At the other end of the spectrum are firms that form high intensity relationships with community groups (Rondinelli & London, 2003, p. 65). In high intensity relationships, firms work closely with their community partners, often exchanging resources back and forth. In high intensity relationships both the firm and the community group have important CCP-related goals. This type of relationship resembles a joint venture, with the firm and its community partner working collaboratively to solve social issues. Rondinelli and London (2003) maintain that firms sometimes use high intensity relationships to address internal environmental and social management problems with its products and production processes. Starbuck’s high intensity relationship with Conservation International was used to develop a reliable and high quality source of coffee that also met social criteria and required the involvement of senior managers from many different units of Starbuck’s organization (Austin, 2000). Through this integrative interaction, Starbucks was able to learn about many of the challenges of producing high quality coffee in a socially responsible way and contribute toward a solution while continuing to purchase the high quality coffees that their customers demanded.

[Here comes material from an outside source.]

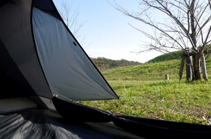 ちなみに撮影時は、近くに木があったので細引きを木に結んでパネルを上げましたが、トレッキングポールを柱にして上げることもできます。
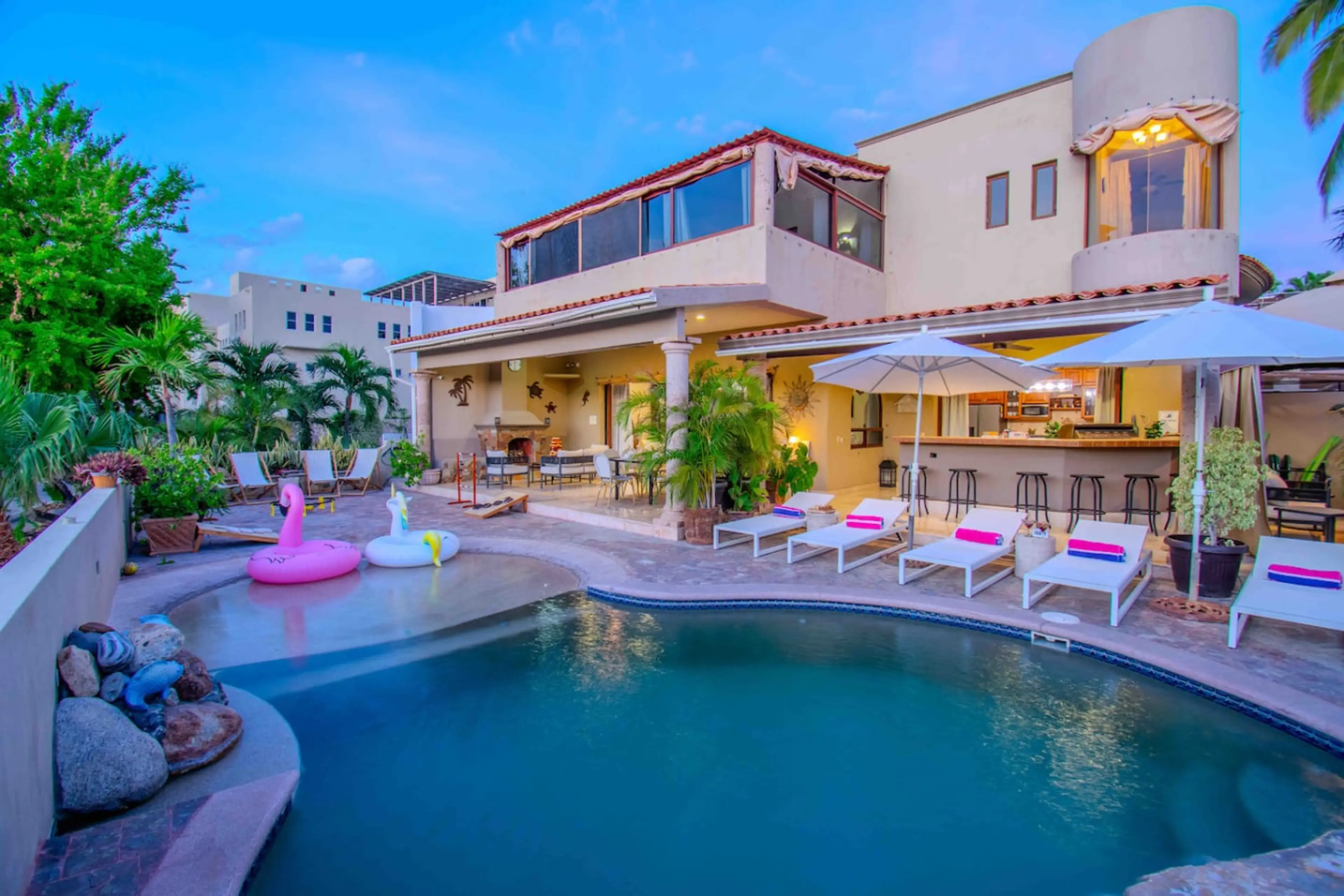 Welcome to Casa La Roca mini estate at Cabo Bello. This beautiful villa is located in safe and gated private community of Cabo Bello, attached a swimmable to a private beach. The home is spacious and tranquil with a private pool, hot tub (heating additional charge), outdoor fire place and a beaut...

Linking CCP to CPA: The Role of Firm Resources
The principal insight of RBV is that the bundles and configurations of resources within a firm offer the potential for competitive advantage (Barney, 1991). RBV states that firm resources create value for their holder as they become rare and immobile, difficult to imitate, difficult to substitute, and useful for pursuing environmental opportunities or reducing threats (Peteraf, 1993). RBV also states that resources are fungible across multiple firm activities—thus a resource that confers logistical advantage (i.e., in terms of speed of delivery) may also result in marketing advantages (i.e., first-mover into marketplace) and financing advantages (i.e., lower inventory costs that need to be financed vs. competitors’ inventory levels). In this section, the authors explain how the intensity of a firm’s CCPs may affect the development of human capital, organizational capital, and geographic (physical capital) resources that might be leveraged to other activities such as CPA. Table 1 summarizes how the intensity of a firm’s CCPs affects a corporation’s human capital, organizational capital, and geographic resources and subsequently, its CPA. The rest of this section is structured in direct relationship to Table 1. The table combines the intensity spectrum from Rondinelli and London (2003) with the present authors’ distinction among human, organizational, and geographic capital resources.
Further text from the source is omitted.